Billyard Insurance Group taps CX leader for board

New director adds people and customer experience expertise to board as fast-growing brokerage continues towards 2026 targets

Billyard Insurance Group taps CX leader for board

Insurance News

By Josh Recamara

Billyard Insurance Group has appointed Adrianne Sullivan-Campeau (pictured) to its board of directors.

The move brings in a senior leader with extensive experience in people, culture and customer experience at a time when BIG is positioning itself as a national platform and a destination for broker talent.

Sullivan-Campeau brings more than two decades of senior leadership experience. She currently serves as chief employee and customer experience officer at CareRx Corporation, where she leads enterprise-wide initiatives focused on workforce engagement and the client journey. Prior to CareRx, she spent eight years as vice president of people, culture and communications at Allstate Canada.

Sullivan-Campeau joins a board already known for its insurance and financial experience. She will serve alongside fellow directors Bob Tisdale, Greg Somerville and Neil Rudd, each of whom bring decades of experience from across the Canadian insurance market. Together, they round out a leadership group positioned to guide the company through its next phase of growth.

With 87 branches across four provinces and partnerships with more than 30 insurance providers, Billyard is one of Canada’s fastest-growing insurance brokerages. Sullivan-Campeau’s appointment reflects the company's continuing investment in governance and leadership infrastructure.

“BIG has built something genuinely special – a culture where brokers are supported to do their best work and clients are at the center of everything. I am looking forward to contributing to that vision and helping the team reach its next stage of growth,” said Sullivan-Campeau.

Brokerages battle amid talent shortage

Canadian P&C brokerages are competing fiercely for experienced producers and branch principals, with talent shortages cited as a key driver of both wage pressure and M&A activity. Billyard's model depends on attracting entrepreneurial brokers into its branch-partner network, adding a board member whose career has centered on employee engagement, culture and change management signals that the firm sees people strategy as core to its growth.

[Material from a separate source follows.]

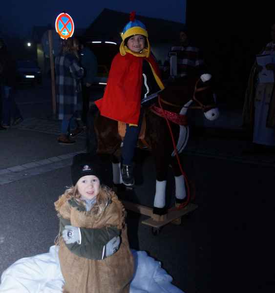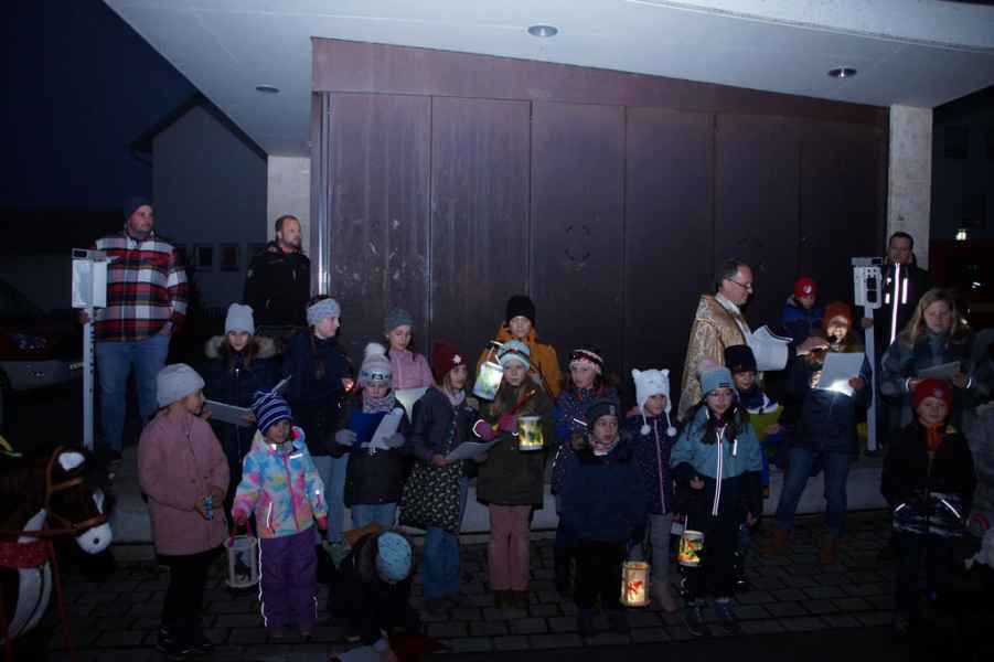 Ohne zu zögern teilt er mit dem Schwert seinen Mantel und überreicht dem Bettler die Hälfte. Gebannt lauschten die Kindergarten- und Krippenkinder dem Schauspiel und sangen begeistert bei dem Lied „Lichterkinder“ mit, ehe sie sich nach der Segnung von Pfarrer Wissen auf den Weg mit ihren Laternen machten und unterwegs die bekannten Martinslieder sangen. Der Martinszug endete anschließend im Hof von Mesner Martin Kellnhauser, wo ein kleines Martinsfest stattfand, mit Martinsgänsen, Knackersemmeln und Glühwein oder Kinderpunsch.

At the same time, customer expectations are shifting toward more digital, always‑on service, even in community brokerage settings. The company has leaned into digital tools and automation to support its branches and has been recognized specifically for innovation in a brokerage. Elevating a chief employee and customer experience officer from a public company to the board underlines that client experience is being treated as a board‑level strategic issue, not just an operational concern.

More broadly, the appointment reflects growing governance maturity among fast‑scaling brokers. After a decade of intense consolidation, advisory firms expect Canadian brokerage M&A and growth activity to remain elevated, with distribution consolidation and digital capability build‑outs as key themes into 2026.